Exercise directions
Copy exactly, from the beginning of the material below, every line up to and including the one holding "Трійник дозволяє підключати", with the pictures left out.

Recorded data

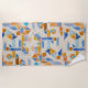 Toalha com arte feita em aquarela com formas geométricas nas cores base, laranja e azul, pintadas de maneira intuitiva e coordenada pra deixar espaços harmônicos entre os formatos, tornando a obra única e agradável aos olhos
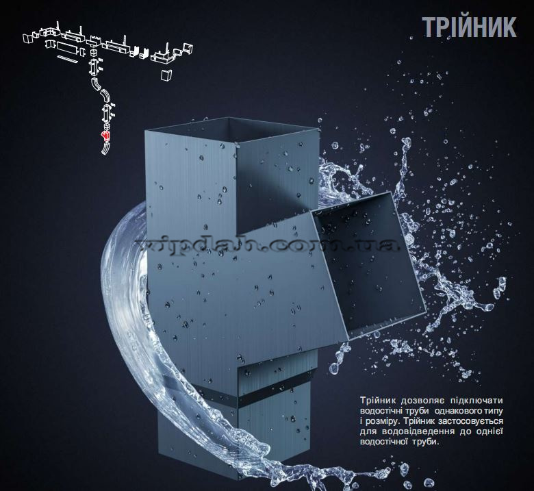 Трійник дозволяє підключати водостічні труби однакового типу та розміру. Трійник застосовується для водовідведення в одну трубу.
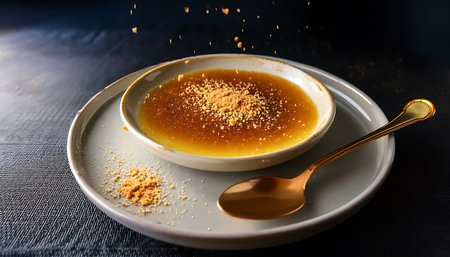 Overhead view of a cr?me br?l?e with a freshly broken caramelized sugar crust revealing smooth golden custard beneath. A golden spoon rests on the white ceramic dish, dusted with fine sugar granules. The rich yellow custard contrasts with the cracked brown sugar highlighting texture and indulgence.
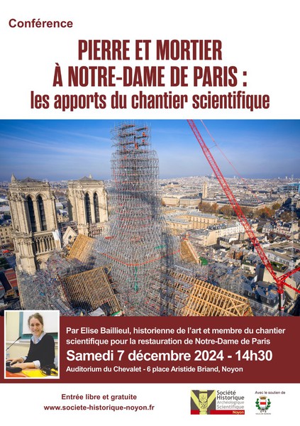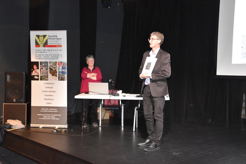 A l'occasion de ses travaux de recherches sur la cathédrale de Noyon, la conférence donnée par Hugo Freby, doctorant en histoire de l’art médiéval à l’université de Picardie Jules Verne, avait pour objet de déterminer l’ampleur des modifications et réparations depuis l’achèvement du gros œuvre aux environs de 1200, de les contextualiser et d’identifier les causes qui les ont motivées, en distinguant les entreprises de sauvegarde, d’embellissement, d’adaptation aux usages liturgiques et les remises en état consécutives aux incendies et aux guerres. C'est donc un regard neuf que nous a proposé ce jeune chercheur sur la cathédrale devant une cinquantaine de personnes présentes.

Answer section
 Toalha com arte feita em aquarela com formas geométricas nas cores base, laranja e azul, pintadas de maneira intuitiva e coordenada pra deixar espaços harmônicos entre os formatos, tornando a obra única e agradável aos olhos
 Трійник дозволяє підключати водостічні труби однакового типу та розміру. Трійник застосовується для водовідведення в одну трубу.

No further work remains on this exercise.